Most time my version spends in sse3_ChirpData_ak
(1 function, 78 instructions, Total: 12300 samples, 19.37% of samples in the module, 5.12% of total session samples)
[these line take most:
Address Line Trace Source Code Bytes Timer samples
0x4a9dfe 125 m = vec_recip3(_mm_add_ps(_mm_mul_ps(x, x), _mm_mul_ps(y, y))); 3989
0x4a9d76 111 c = _mm_add_ps(_mm_mul_ps(_mm_add_ps(_mm_mul_ps(_mm_add_ps(_mm_mul_ps(y, CC3), 3631
]
It's pretty strange cause I used SSE2 build options... Maybe function name not quite adequate?... (or maybe smth wrong with profiler or my understanding of its results :) )
Next one is fastcopy_I
(1 function, 24 instructions, Total: 8714 samples, 13.72% of samples in the module, 3.63% of total session samples)
and in IPP dll most samples hitted ippsZero_8u
(1 function, 1160 instructions, Total: 46923 samples, 99.89% of samples in the module, 19.55% of total session samples)
[this line leader:
Address Code Bytes Instruction Symbol Timer samples
0x200ede9 0x 0F 28 4C 32 10 movaps xmm1,[edx+esi+10h] ippsZero_8u+1473833 5965
]
1 instructions, Total: 5965 samples, 4.87% of samples in module p:\bin\intel\ipp\5.3\ia32\bin\ippst7-5.3.dll, 0.99% of total session samples
As one can see it's almost single called function in whole dll ... (very strange too).

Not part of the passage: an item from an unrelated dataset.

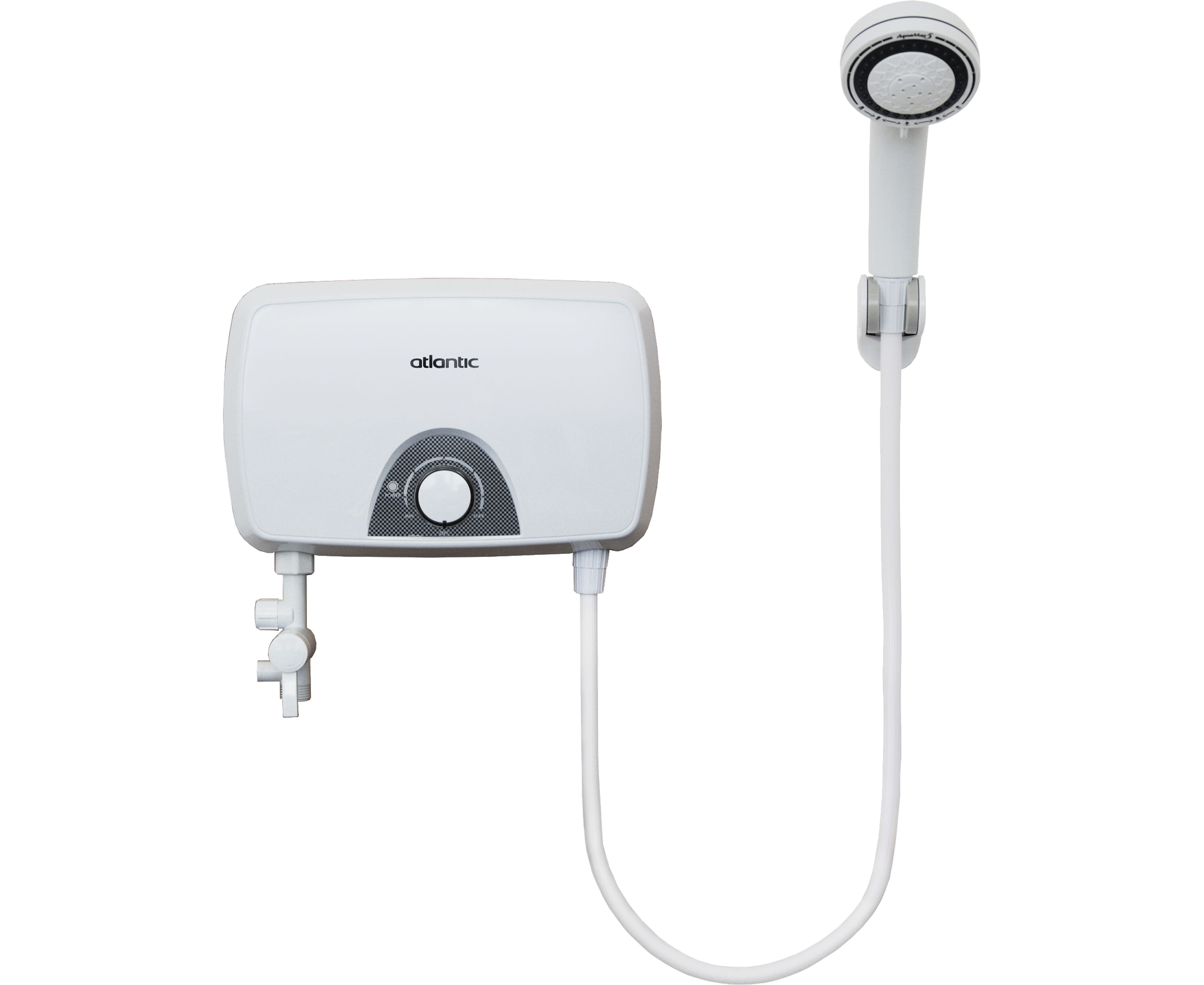 Atlantic Ivory SB IV202 5.5 kW (скоба+шланг+лейка) – электрический проточный водонагреватель с гидравлическим регулированием, позволяющий быстро получить горячую воду. Устройство имеет компактный корпус из высококачественного литого пластика и плавную регулировку температуры. Для того, чтобы задать необходимую температура горячей воды, необходимо отрегулировать два параметра: мощность нагревательных элементов при помощи регулятора мощности, и проток воды через водонагреватель при помощи запорного вентиля, который входит в комплектацию. Нагревательным элементов для данного водонагревателя является медный ТЭН мощностью 5.5 кВт. Устройство имеет возможность работать только с одной точкой потребления воды.

It was 240 sec profiling run. What time scale best suitable for profiling all main app activities? I will try to increase profiling time, maybe it will get more adequate results...
Some addon:
sse_sum2,3,4,5 and sse_f_GetPeak have the most unaligned accesses number.
sse3_ChirpData_ak and fastcopy_I have the most data cache misses
Josef W. Segur:
--- Quote from: Raistmer on 22 Nov 2007, 05:49:44 pm ---Well, some initial results.

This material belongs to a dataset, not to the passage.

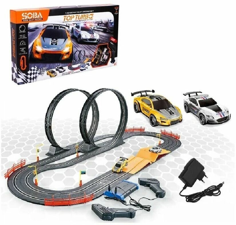 10 цен на Детский гоночный автотрек с 2 машинками на пульте управления, работает от адаптера или батареек, длина трассы 560 см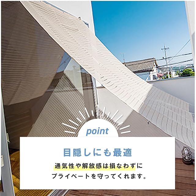 【特徴】日よけや目隠しに便利なガーデンシェードです。カラーはアイボリーです。真夏の暑い日差しを遮り自然の風を取り入れ、エアコンの使用も抑えられるエコなアイテムで、UVカット率も約70%と高いので肌の日焼けや家具や床の劣化も防ぐ事ができます。外からの目隠し効果はあるものの、内部から外部への見通しは良いので圧迫感がありません。またインテリア性もバツグンで、工事不要で簡単に取り付けることができます。汚れてしまっても、水洗い可能なのでお手入れがラクです。

Most time my version spends in sse3_ChirpData_ak
...
It's pretty strange cause I used SSE2 build options... Maybe function name not quite adequate?... (or maybe smth wrong with profiler or my understanding of its results :) )
--- End quote ---
The program design is to build all the hand-optimized code with at least whatever minimum options are required, then use run-time testing of the host to decide which of those routines to test. So the opt_SSE3.cpp module is built with its needed SSE3 setting, your CPU supports SSE3, and it tests faster than the other chirp routines on your system so is chosen as the one to use during actual crunching.
The fraction of time spent chirping is very much affected by the angle range. The reason WUs at high angle range are quick is that they do no Gaussian fitting and not much Pulse or Triplet finding. Chirping is also reduced, but not so much, so it becomes more of the total run time. I don't know CodeAnalyst, so don't understand the "19.37% of samples in the module, 5.12% of total session samples" distinction.
Joe
Jason G:
--- Quote from: Josef W. Segur on 22 Nov 2007, 07:51:20 pm ---...so don't understand the "19.37% of samples in the module, 5.12% of total session samples" distinction. Joe
--- End quote ---
As well as the familiar/traditional instrumented 'Device Under Test' Style profiling, vTune, and I guess from this data CodeAnalyst too, collects the OS/System Counters, so Data is available on all processes /Threads running at the time of test.
Without having seen the rest of the data: ( And presuming Time-based sampling was used rather than Event-Based Sampling)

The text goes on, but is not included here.